1.  Se trató de un teatro de masas, distinto al tradicional teatro de sala.

2.  Su primer tiraje de libros fue una edición de Don Quijote de la Mancha de 150.000 ejemplares.

3. Pablo Armando Fernández  --Premio Nacional de Literatura 1996--  recuerda:

“Yo estuve en la Unión Soviética en 1960, y realmente aquello me espantó. Y, porque hice una crítica a la Unión Soviética, aquí fui públicamente regañado-en buen cubano me dijeron que no hablara tanta mierda--. También estuve en China, en el mismo año 1960, cuando Mao Tse-Tung hizo un discurso donde decía que Cuba, era un astro más en la constelación del socialismo. Luego yo repetí la frase en un brindis, y la jefa de nuestra delegación me dijo que no tomara más, que Cuba no era socialista…” (en Padura, 2002, 162)
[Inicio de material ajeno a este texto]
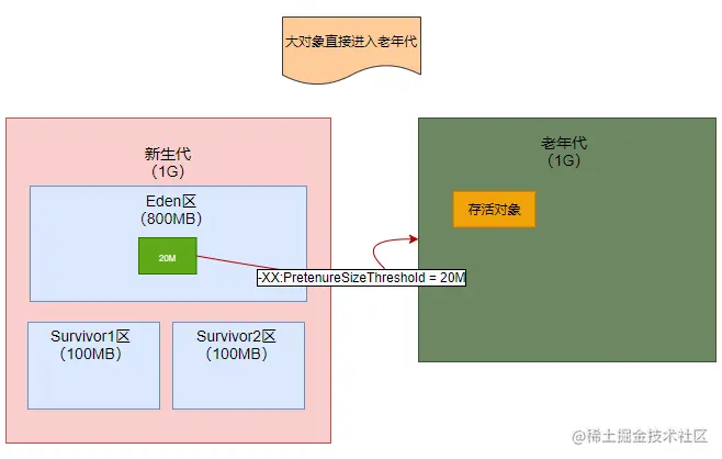 可以设置新生代对象的最大占用内存,一旦超过就会被移入到老年代,这样可以避免大对象频繁躲过minorGC,造成大对象被不停地倒来倒去,浪费时间。
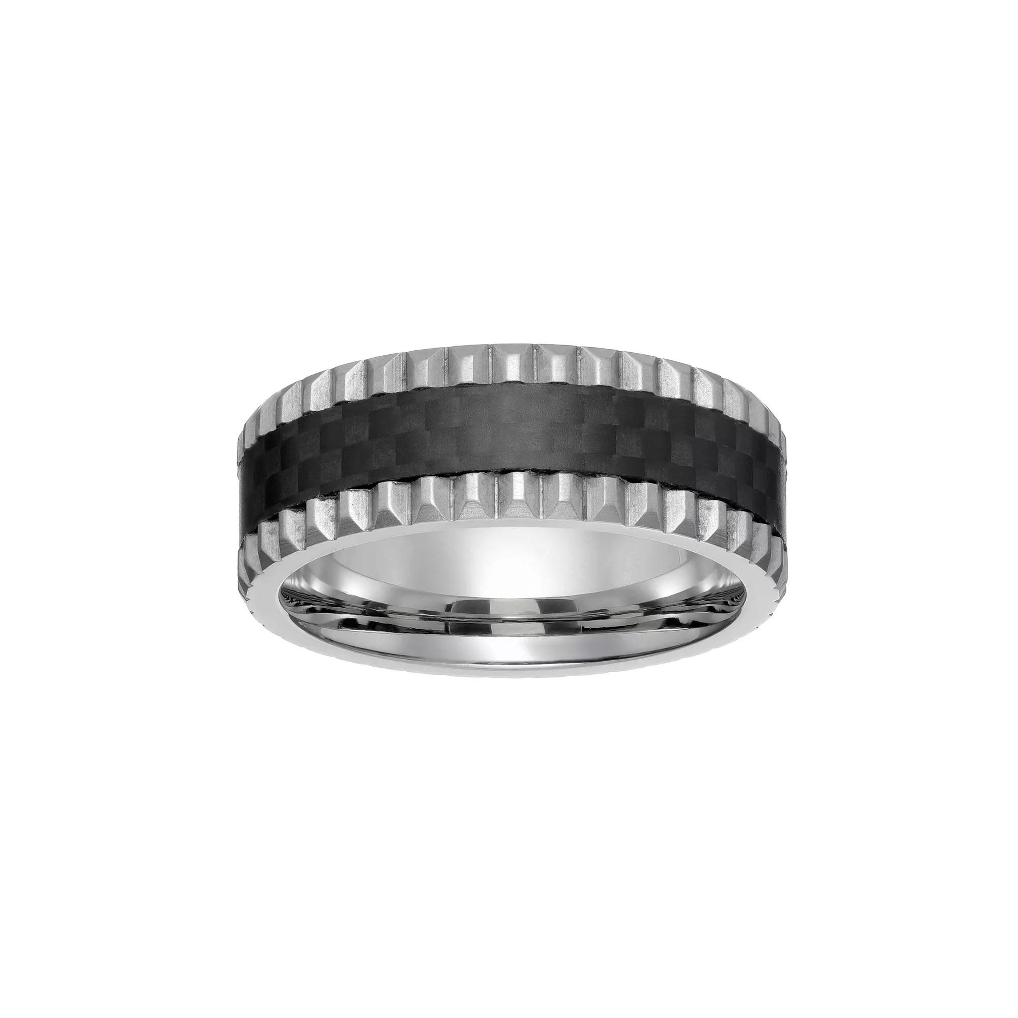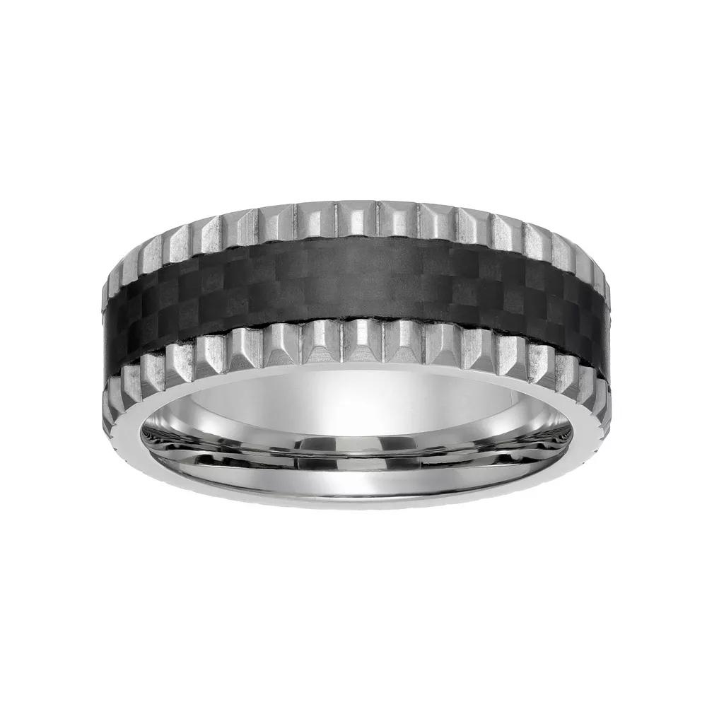 Featuring a grooved design and carbon fiber strip, this men's stainless steel ring makes a handsome addition to your ensemble.RING DETAILS Width: 8 mm Metal: stainless steel Finish: polished Packaging: boxed Size: 12. Color: Grey. Gender: male. Age Group: adult.

4.  Para el novelista Manuel Matos Moquete, la derrota de la expedición del coronel Francisco Caamaño en 1973 a la República Dominicana se debió en gran parte al vacilante apoyo recibido por Cuba a raíz de estos giros políticos internos (2000).

5. Carlos Franqui refiere la lógica histórica de aquellos días: “Haremos la revolución/la revolución que no se hizo en el 98 ni en el 33” (81, 13). Ésta sería la propuesta de narrativas como las del filme Lucía (1968) de Humberto Solás. Por su parte, Liliana Martínez Pérez señala que durante los primeros años, “la inclinación de la cultura revolucionaria a favor de los revolucionarios del siglo XIX antes que los de los del siglo XX, tenía un doble sentido: por una parte, colocaba a la cultura nacionalista y antiimperialista como el ‘cemento social’ más poderoso de la revolución cubana y, por la otra, permitía a los políticos retrasar, por omisión, el enfrentamiento ideológico con la cultura marxista en su versión estalinista” (2006, 48).

6. Algunas de estas acusaciones eran francamente homófonas.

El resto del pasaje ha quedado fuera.